Due anni e quattro NYFW dopo, in mancanza di una parola migliore, su di esso. Quando me ne sono andato Il giornalista di Hollywood per modificare le notizie su InStyle, ho iniziato a declinare i miei inviti alla settimana della moda, non più allettata dal fascino dell'abbigliamento vistoso che nessuno avrebbe comprato e che avrei visto imitazioni di pochi giorni dopo nella vetrina di Zara sulla 42esima strada. Potrei guardare gli spettacoli, per favore, in streaming live, senza falsi allegria e cartelloni pubblicitari di influencer-come-brand-walking.
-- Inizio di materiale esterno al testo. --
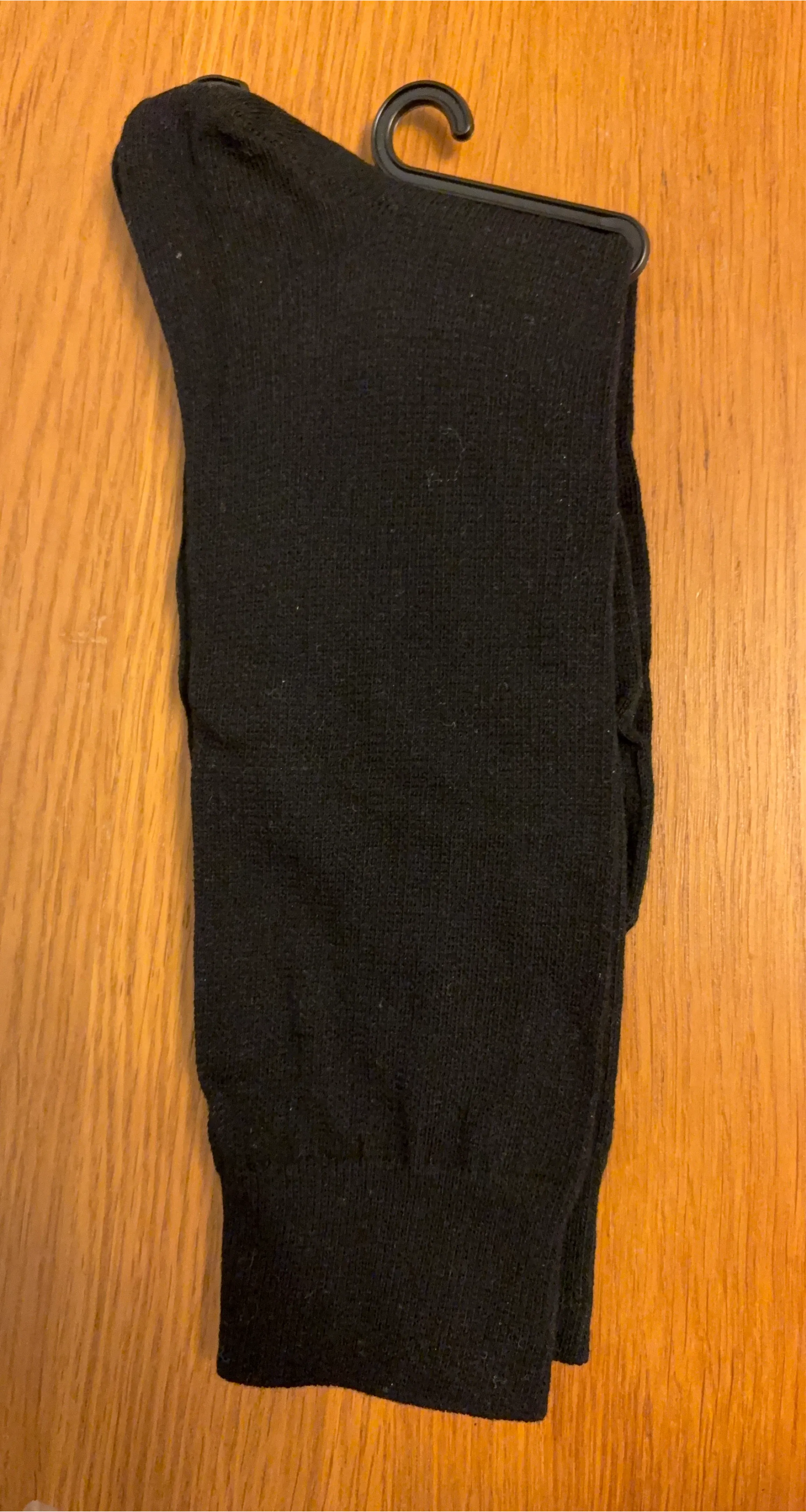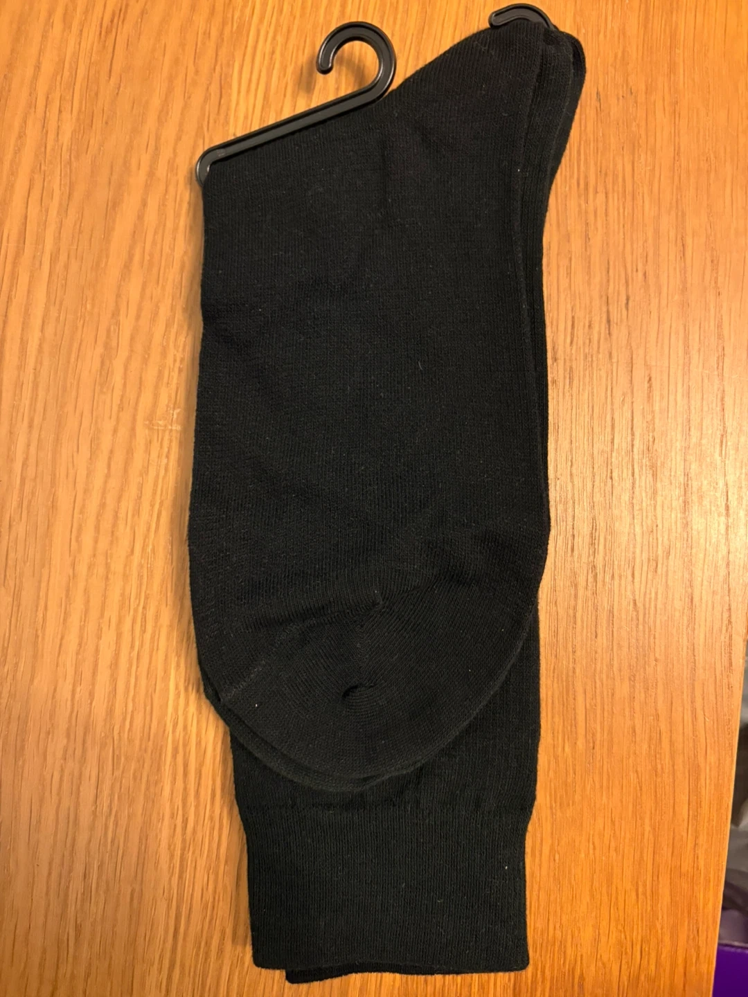 These are black crew socks, perfect for everyday wear. They're made from a comfortable knit material. These socks are useful for keeping your feet warm and protected.
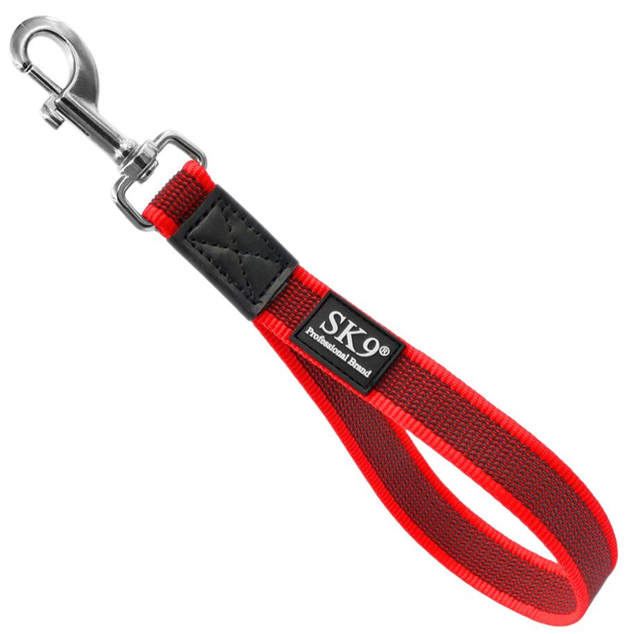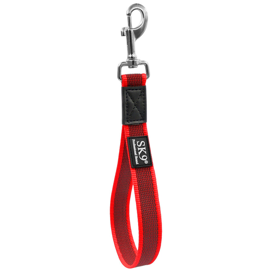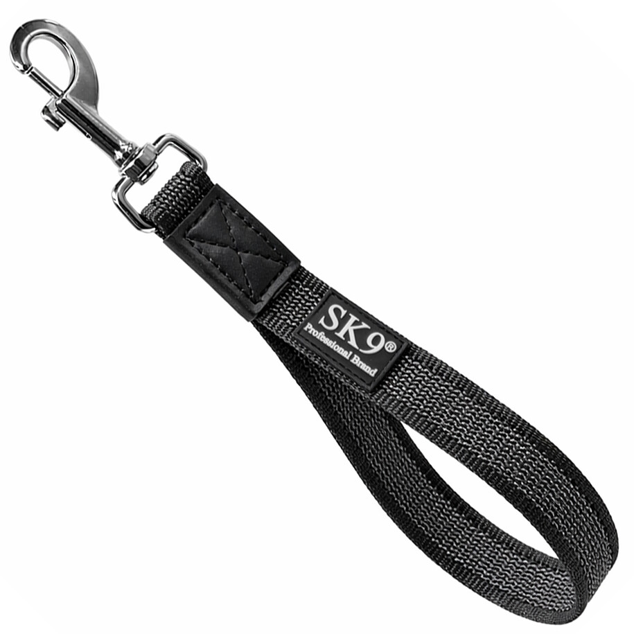 Confectionate din textil cauciucat cu latimea de 25mm, 30cm lungime si carabiniera de Inox, Lesa scurta de la SK9 va garanteaza un raport calitate pret excelent. O lesa ce poate fi folosita si in mediu umed sau sarat fara sa oxideze. Disponibila in 3 culori
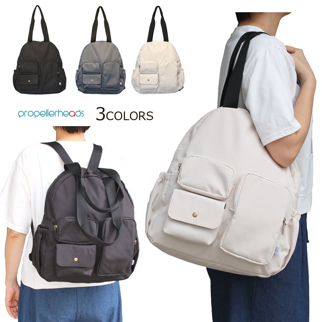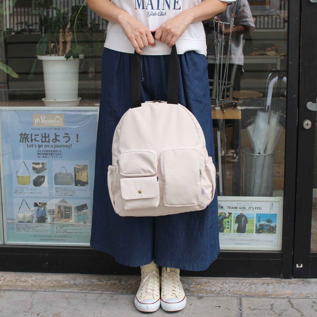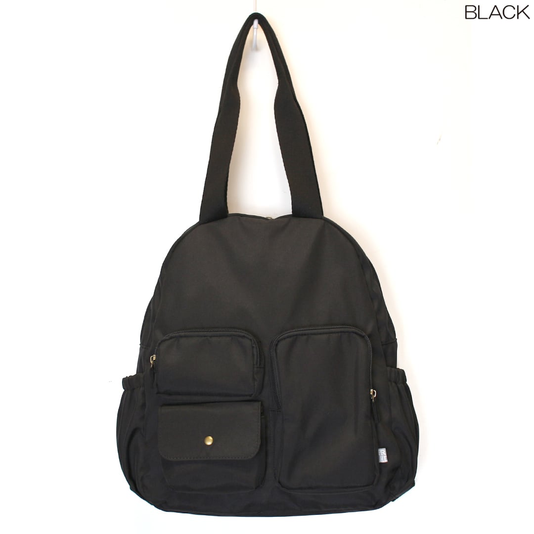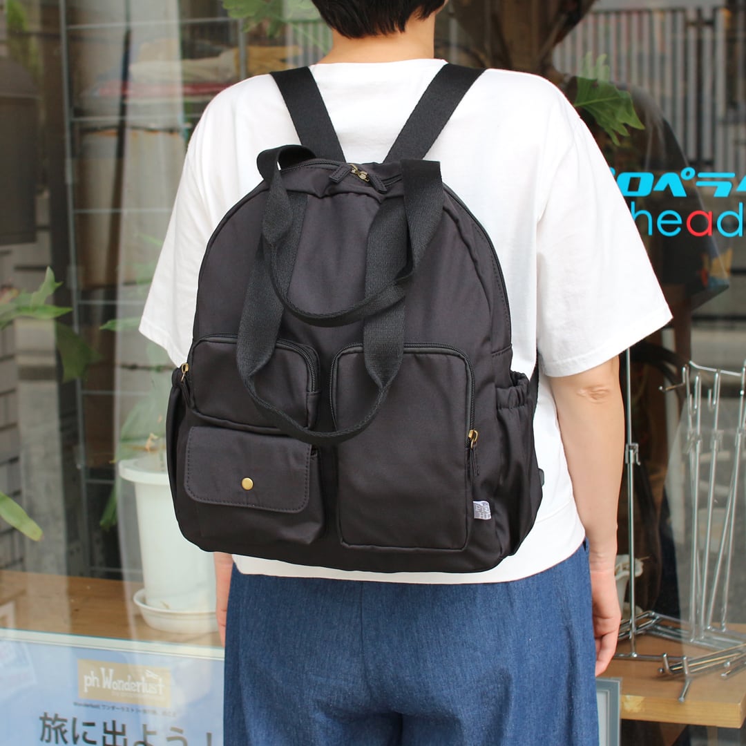 マットで優しい風合いの高密度ポリエステルを使用したリュックとしても使える多ポケットボストンです。
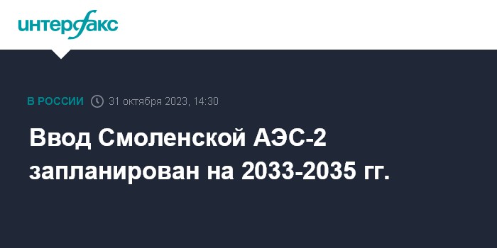 Ввод Смоленской АЭС-2 запланирован на 2033-2035 гг.
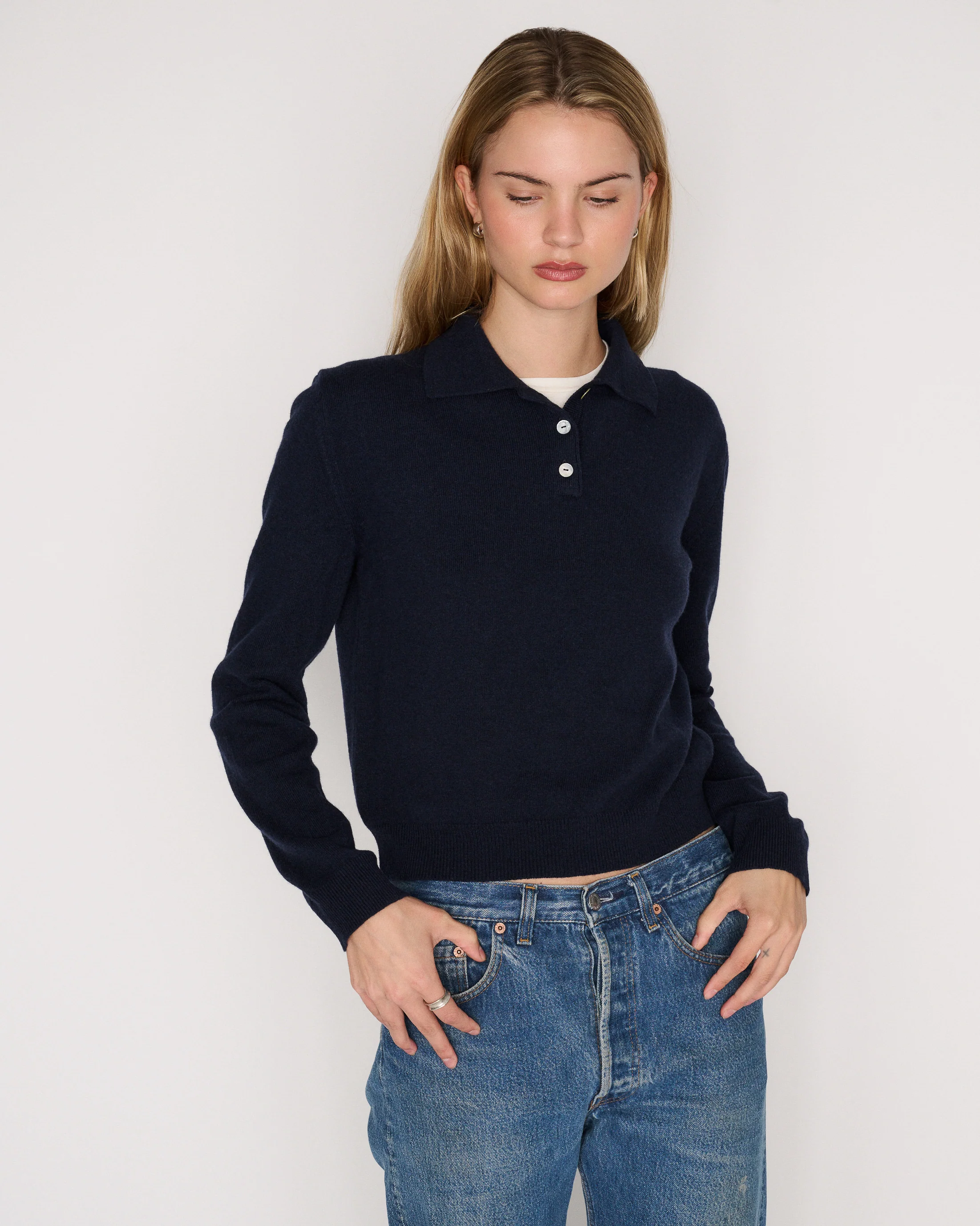 The RLT polo sweater is made from our signature cashmere wool blend and finished with mother of pearl buttons. Intended to have a mildly cropped and boxy fit, this sweater can be worn alone or layered. We recommend sizing up for a looser look. For more assistance, kindly email us at [email protected].
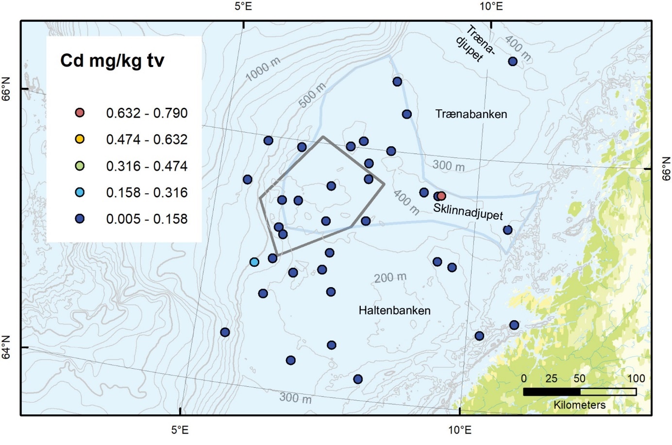 Prøvelokalitetene har vanndyp varierende fra 261 m til 826 m og er primært lokalisert til forsenkninger hvor det kan foregå sedimentasjon av finkornete sedimenter. Det stengte fiskefeltet er i hovedsak lokalisert innenfor Nordland II-området med olje- og gassproduksjon fra etablerte felter, nordvest for Haltenbanken. Det er i tillegg fiskeriaktivitet og skipstrafikk i området. Både havstrømmer med atlantisk vann og kystvann passerer området på sin vei nordover, og begge havstrømmene kan transportere miljøgifter fra andre geografiske områder til dette området.
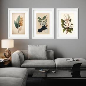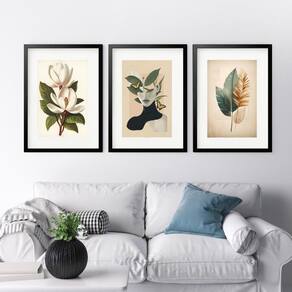 Kit 3 Quadros Grandes Mulher e Plantas - 60x48cm - Cor: Moldura Preta
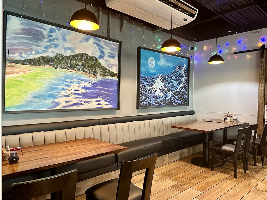 레스토랑 내부에는 괌의 풍경과 자연을 그린 그림들이 걸려 있으며, 메뉴와 내부 분위기 모두 괌 사람들이 사랑할 수밖에 없는 곳임을 알 수 있습니다.
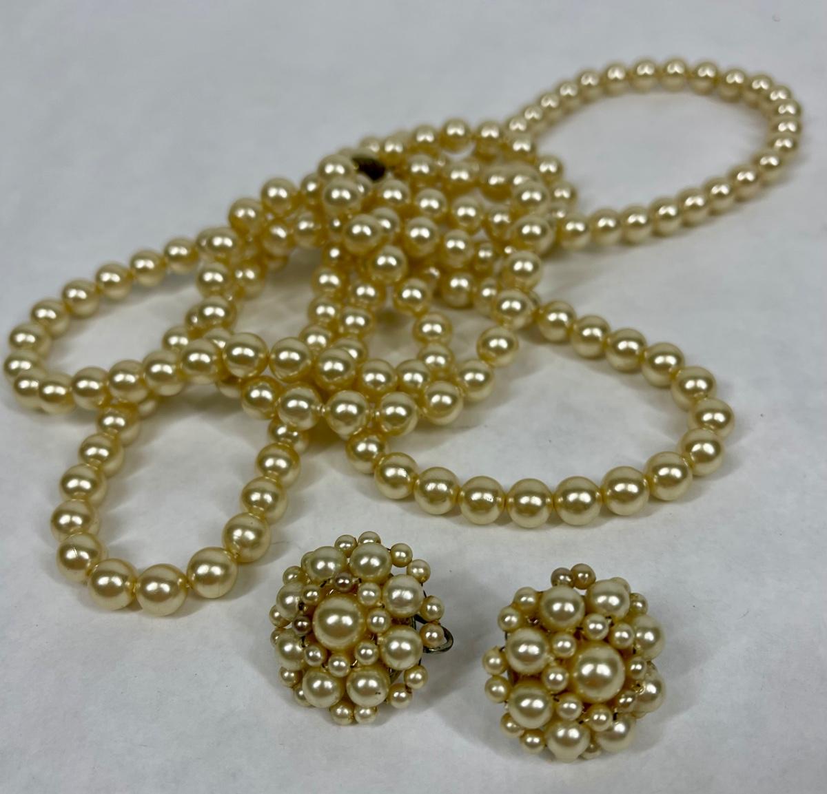 Vintage Gold Pearl Necklace and Clip-on Earrings set
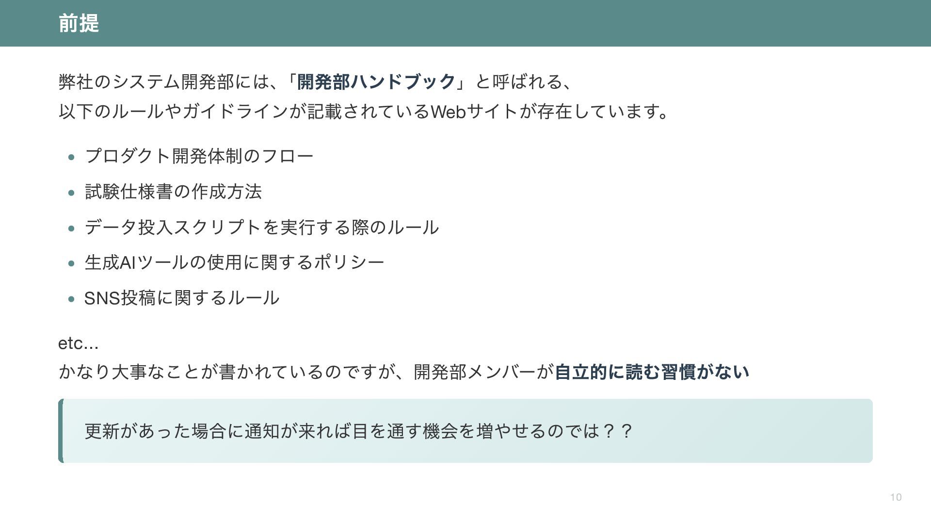 前提 弊社のシステム開発部には、 「開発部ハンドブック」と呼ばれる、 以下のルールやガイドラインが記載されているWeb サイトが存在しています。 プロダクト開発体制のフロー 試験仕様書の作成方法 データ投入スクリプトを実行する際のルール 生成AI ツールの使用に関するポリシー
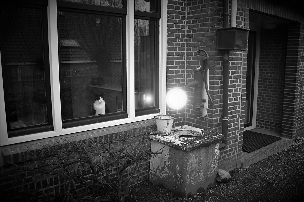 Where to find a well in the neighbourhood? A search an google maps did not provide any well at all. I was a bit in a pickle, until I asked my daughters. One of them told me that around the corner of our house, where her friend lives, one can find a nice old well! The house cat was so kind to sit in the window sill, so that I could finish the picture.
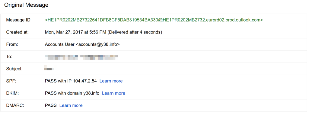 This is another good resource on DMARC and Office 365 and explains some instances where the ‘reject’ value may be modified to ‘o.reject’ or ‘oreject’ and if you have implemented the PCT feature of DMARC where the action is applied only to a percentage of your email.
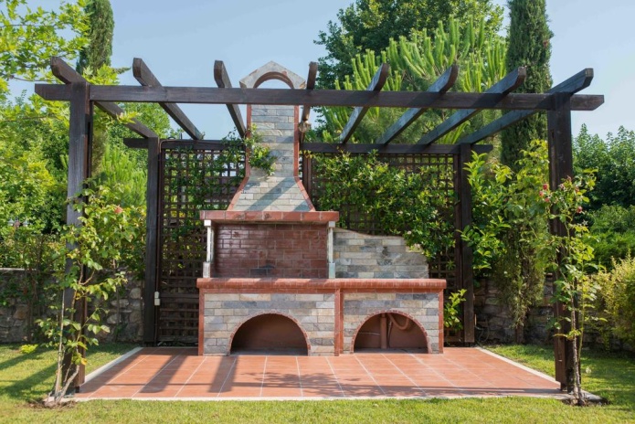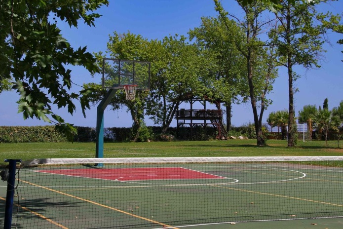 бассейн с лежаками и зонтами, беседка с обеденным столом, сад, барбекю, частная автостоянка на 2 автомобиля, своя спортивная площадка для игры в баскетбол, теннис и футбол
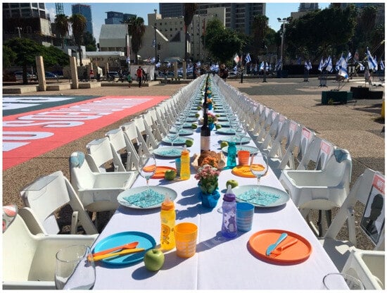 Shabbat dinner table installation representing hostages in Hostages Square, Tel Aviv, installed 20 October 2023. Photographed by Yossipik (photo source: Wikimedia Commons, https://commons.wikimedia.org/wiki/File:Shabbat_Dinner_table_representing_the_hostages_and_missing_people,_The_October_7_attack.jpg, accessed on 21 December 2025).
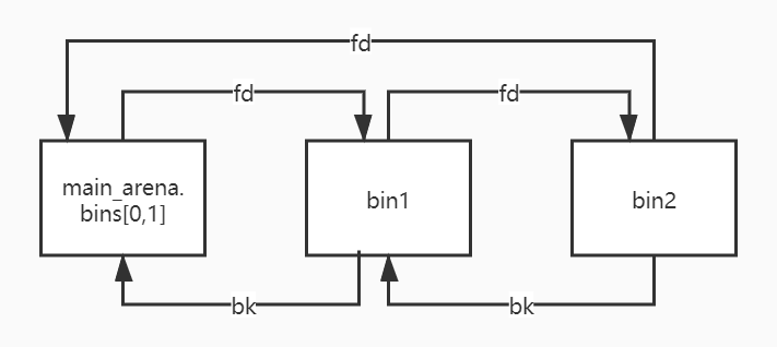 Unsorted Bin 在管理时为循环双向链表,若 Unsorted Bin 中有两个 bin,那么该链表结构如下
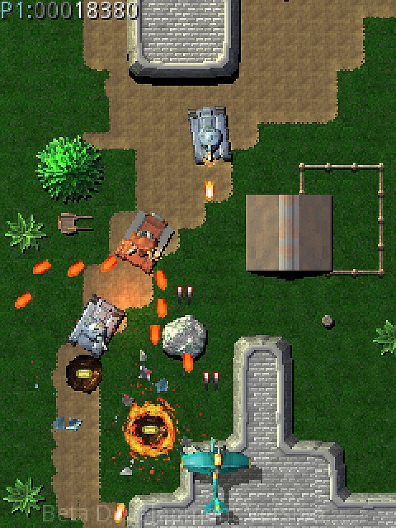 Players control fighterplanes and combat enemy ground forces. Fighters are equipped with front-facing autoguns which can be upgraded though collecting powerups.

La scorsa settimana della moda, c'è stata molta meno fanfara e, direi, molta più attenzione all'abbigliamento, all'arte, alla creatività delle presentazioni. Le raccolte sono più piccole, più digeribili; anche se non ho ancora visto nessuno dei vestiti di persona, le collezioni sembrano più intime, un riflesso più vero dei designer dietro di loro. Piuttosto che sedermi da solo nell'angolo di una festa della settimana della moda, sorseggiando un bicchiere di vino di cortesia e cercando goffamente l'occhio di uno stilista per una rapida intervista, ho preso le collezioni dal mio divano, sorseggiando un bicchiere di vino che avevo versato per io stesso.
Per molto tempo ho aspettato di sentirmi finalmente "adattata" alla folla della moda, ma le mie priorità erano fuori luogo. La moda non riguarda le persone con cui esci, le cricche esclusive e il livello d'élite. Si tratta, ed è sempre stato, di vestiti. Questa settimana della moda, finalmente sembrava così.